Segment Open

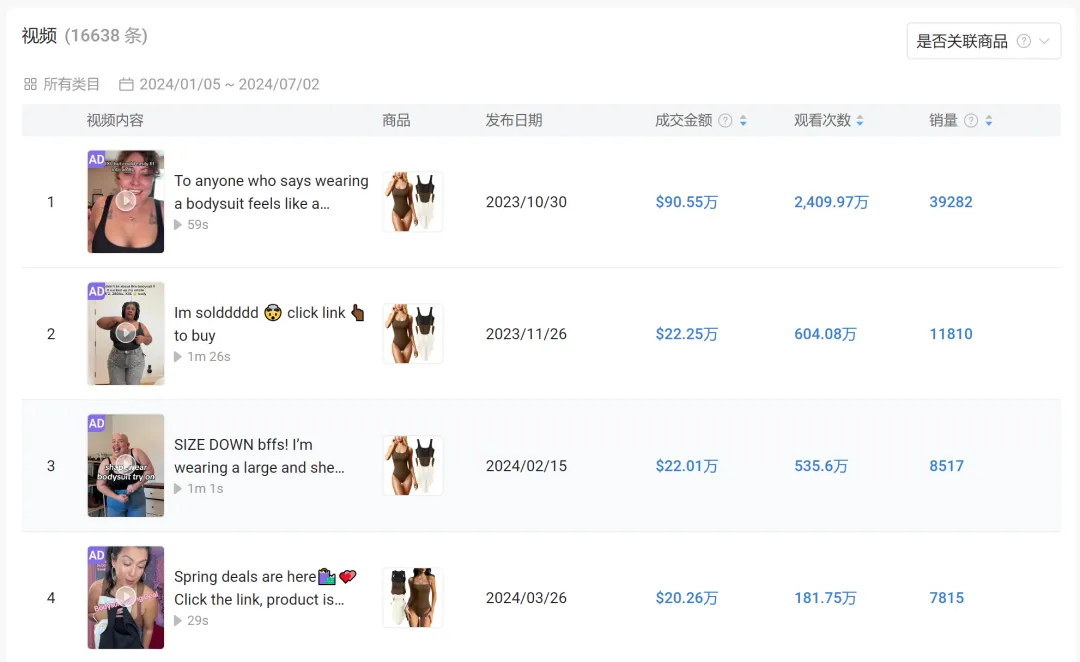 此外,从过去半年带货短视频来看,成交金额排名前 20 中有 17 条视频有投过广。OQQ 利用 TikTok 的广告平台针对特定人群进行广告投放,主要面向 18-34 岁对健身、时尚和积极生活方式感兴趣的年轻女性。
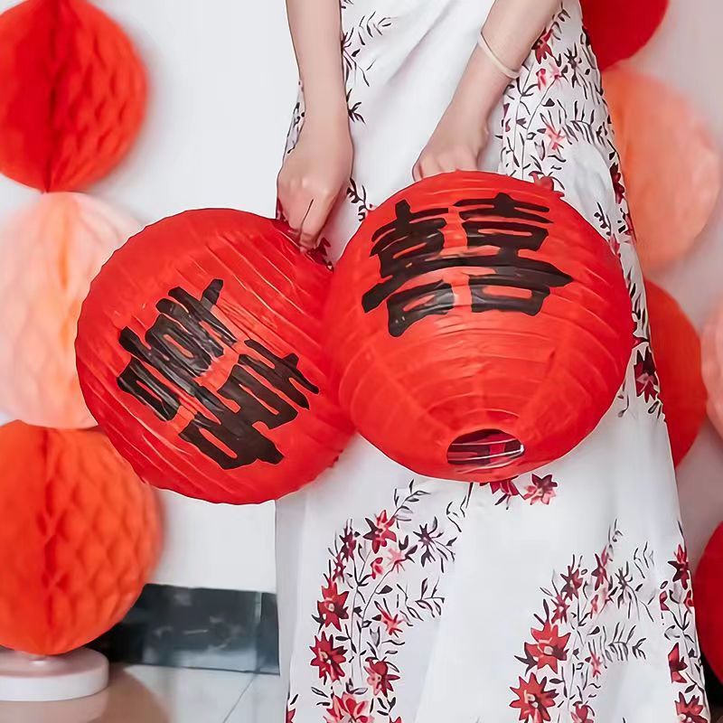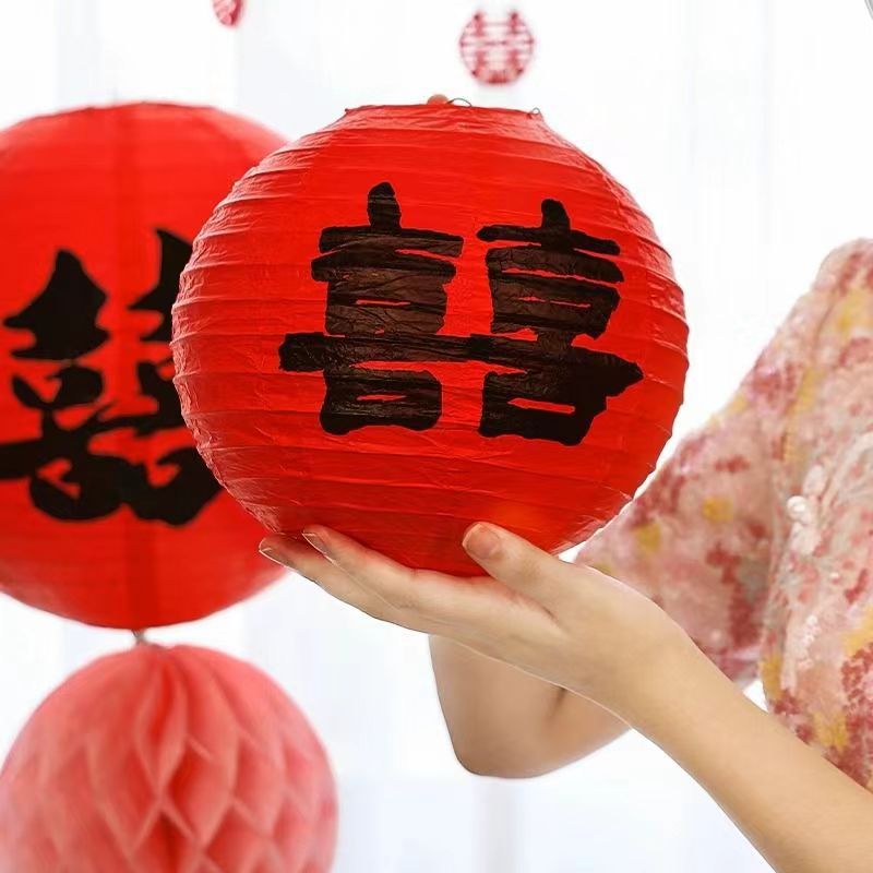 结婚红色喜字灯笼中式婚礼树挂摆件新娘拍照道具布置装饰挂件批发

Segment Closed
Segment Open

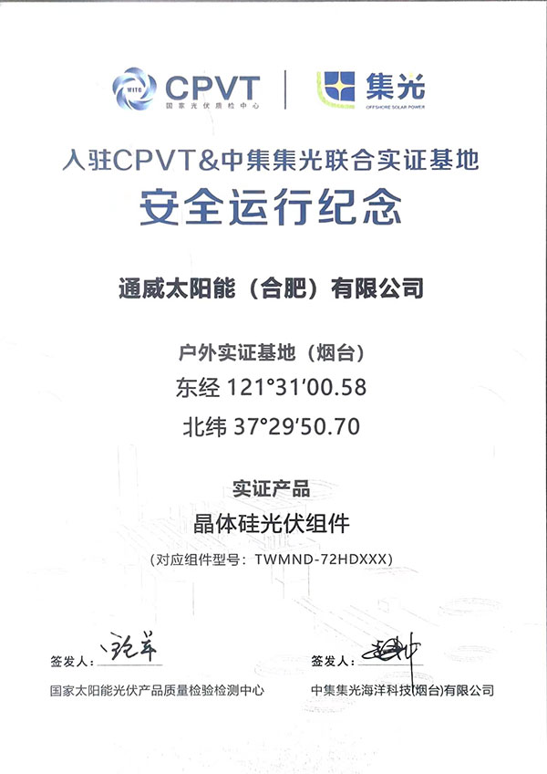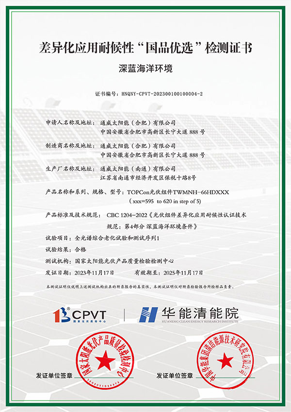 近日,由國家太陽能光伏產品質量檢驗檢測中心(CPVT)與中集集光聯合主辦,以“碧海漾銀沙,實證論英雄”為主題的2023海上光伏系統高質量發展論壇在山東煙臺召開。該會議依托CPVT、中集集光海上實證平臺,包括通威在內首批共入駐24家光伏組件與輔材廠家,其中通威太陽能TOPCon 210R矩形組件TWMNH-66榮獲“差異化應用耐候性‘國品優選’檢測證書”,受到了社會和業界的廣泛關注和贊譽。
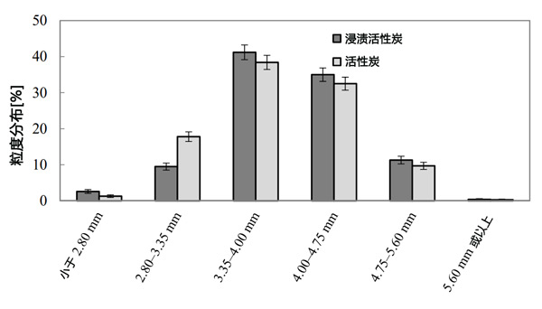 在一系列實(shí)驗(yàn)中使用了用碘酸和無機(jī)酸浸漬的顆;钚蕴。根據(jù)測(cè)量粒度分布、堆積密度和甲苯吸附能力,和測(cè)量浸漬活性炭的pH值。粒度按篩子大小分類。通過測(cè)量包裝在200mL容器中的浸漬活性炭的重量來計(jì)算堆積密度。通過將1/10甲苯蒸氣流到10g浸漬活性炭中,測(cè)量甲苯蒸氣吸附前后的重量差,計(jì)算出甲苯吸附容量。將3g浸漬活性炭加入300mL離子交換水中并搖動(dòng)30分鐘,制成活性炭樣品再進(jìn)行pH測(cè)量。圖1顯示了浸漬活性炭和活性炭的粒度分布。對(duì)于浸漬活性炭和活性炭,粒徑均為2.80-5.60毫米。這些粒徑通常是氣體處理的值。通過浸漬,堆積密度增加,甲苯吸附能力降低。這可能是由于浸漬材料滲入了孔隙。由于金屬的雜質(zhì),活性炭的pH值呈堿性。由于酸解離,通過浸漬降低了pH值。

Segment Closed

Task instructions >> Transcribe, from the material above, the stretch starting at the line with "此外,从过去半年带货短视频来看,成交金额排名前 20 中有" and ending at the line with "结婚红色喜字灯笼中式婚礼树挂摆件新娘拍照道具布置装饰挂件批发", both included, exactly. Do not carry over pictures.

Solution for this exercise >>
 此外,从过去半年带货短视频来看,成交金额排名前 20 中有 17 条视频有投过广。OQQ 利用 TikTok 的广告平台针对特定人群进行广告投放,主要面向 18-34 岁对健身、时尚和积极生活方式感兴趣的年轻女性。
 结婚红色喜字灯笼中式婚礼树挂摆件新娘拍照道具布置装饰挂件批发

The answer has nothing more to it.